主人の家から逃げた逃亡奴隷は、場合によっては即、殺される命であったが、オネシモはパウロによってキリストを受け入れ、生まれ変わって神の子となった。
パウロはピレモンに対し「獄中で生んだ我が子、オネシモのことを貴方にお願いしたい。」という手紙を書いた。
つまり、パウロは「オネシモを貴方のの元へ送り返すから、彼を赦し、奴隷としてよりも、貴方の兄弟として受け入れて欲しい。彼は今や無益な者ではなく有益な者(オネシモ)となったから。」と書いた。

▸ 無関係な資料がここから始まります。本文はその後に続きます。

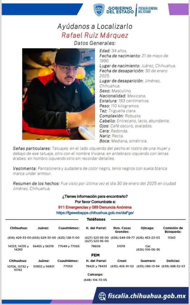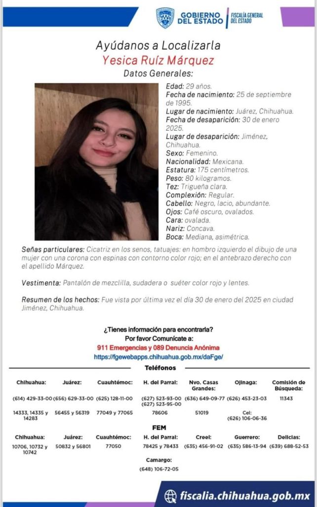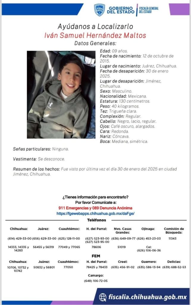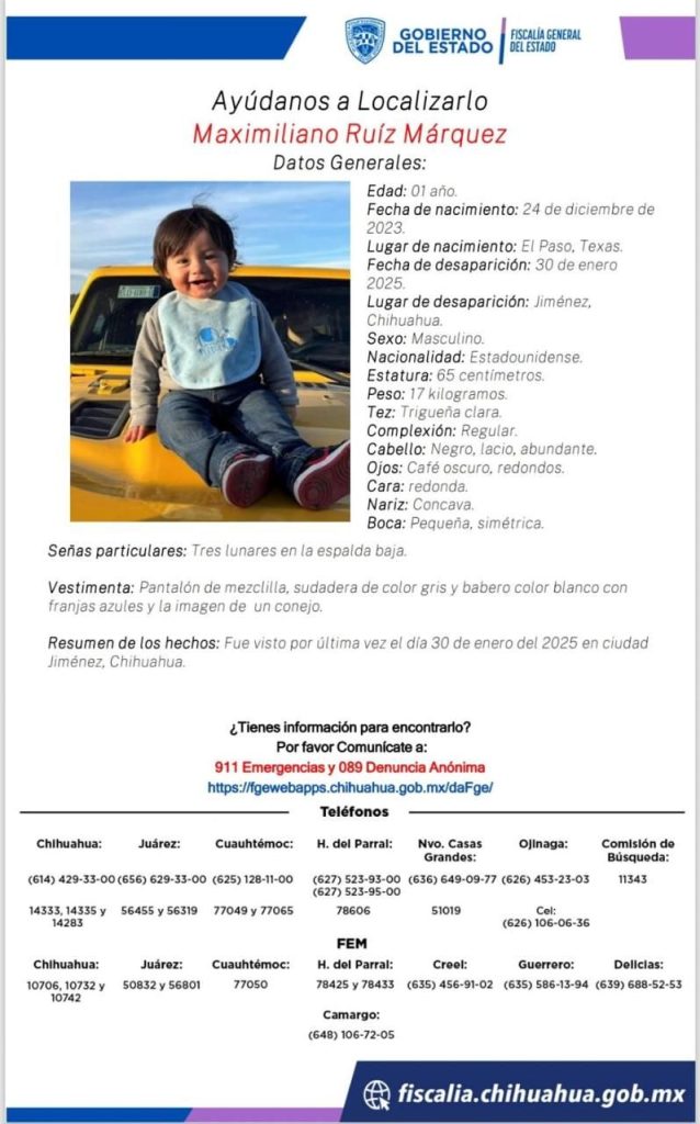 Una familia completa, originaria de Ciudad Juárez, desapareció en Jiménez, por lo que la Fiscalía General del Estado emitió pesquisas de los cinco integrantes, incluyendo un bebé de apenas un año de edad y un niño de 9 años.
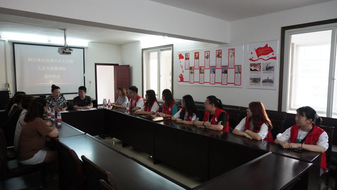 最后,人文与传媒公司与荆州市沙市区荆江亭社区签订了《关于共建青年志愿者服务基地协议书》,双方就青年志愿者服务工作常态化进行了进一步的协商。本次签约仪式圆满结束。
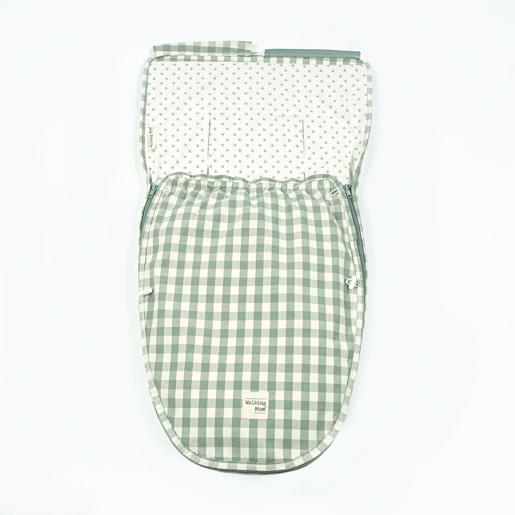 Saco para cuco 2 en 1 de entretiempo con estampado vichy. Se adapta mediante unas aperturas (ojales) y ajustes a la mayoría de cucos y portabebés del mercado. Es ideal para los meses de primavera y de otoño. Cuenta con un material que evita la sudoración excesiva del bebé, protegiendo también la silla. Podrás sacar a tu bebé del carro a la cuna sin incomodarlo.

更に、オネシモがピレモンに損害を掛けていたのなら、パウロ自身がそれを弁償したいと書き、どうか遠慮せず請求をして欲しい、とも書きしたためた。
親しい関係にあったパウロとピレモンではあるが、だからと言って親しさに胡坐をかかず
踏みにじってよい人間関係など無い。
安易な甘えが人間関係を壊すことだってある。
パウロはピレモンならば、そのままでも受け入れてくれるだろうが、敢えて甘えず、敢えて上下関係に媚びず、ピレモン自身の判断に委ねた。
愛は媚びて得るものでなく、相手から自然に施されるのがベストである。
確かに後輩であり、パウロの導きで信仰に入ったピレモンに向かって、尊敬の思いで頼み込んだパウロの心をピレモンは改めて特別な思いをもって受け入れたであろう。

この手紙は現存しているとのことである。
実に短く、いわばA4紙面一枚に書かれた程度であるが、キリストの「しもべ」でなく、囚人パウロと自分を指して書いた「キリスト者の真髄」と言える一通のパピルス書簡である。
手紙は言い訳がましくなく、真実の友に、誠実をもって問いかけるパウロの心が滲んで読める。
そこから香ってくるのは、キリストにある兄弟愛であり、キリストの愛を共有してやまない信徒愛である。

この手紙はテキコというパウロの同僚とオネシモの二人に託されて、今のトルコ中東部にあった「コロサイ教会」に届けられた。
ピレモンの元に帰るオネシモの気持ちは如何なものだったか。
身は奴隷であっても、兄弟という位置に置かれたピレモンを見上げるのは眩しかったと思う。
しかし、オネシモが新生したことの一番の祝福は「主にある兄弟ピレモン」に抱き留められる瞬間であったろう。
私達それぞれも、以前は自分のことしか考えずに生きる無益な者だった。
だが今や、有益な者になった。
なったのではなく、されたのである。
生涯、「・・された」このことを忘れず、再びの罪の奴隷に戻ってはなるまい。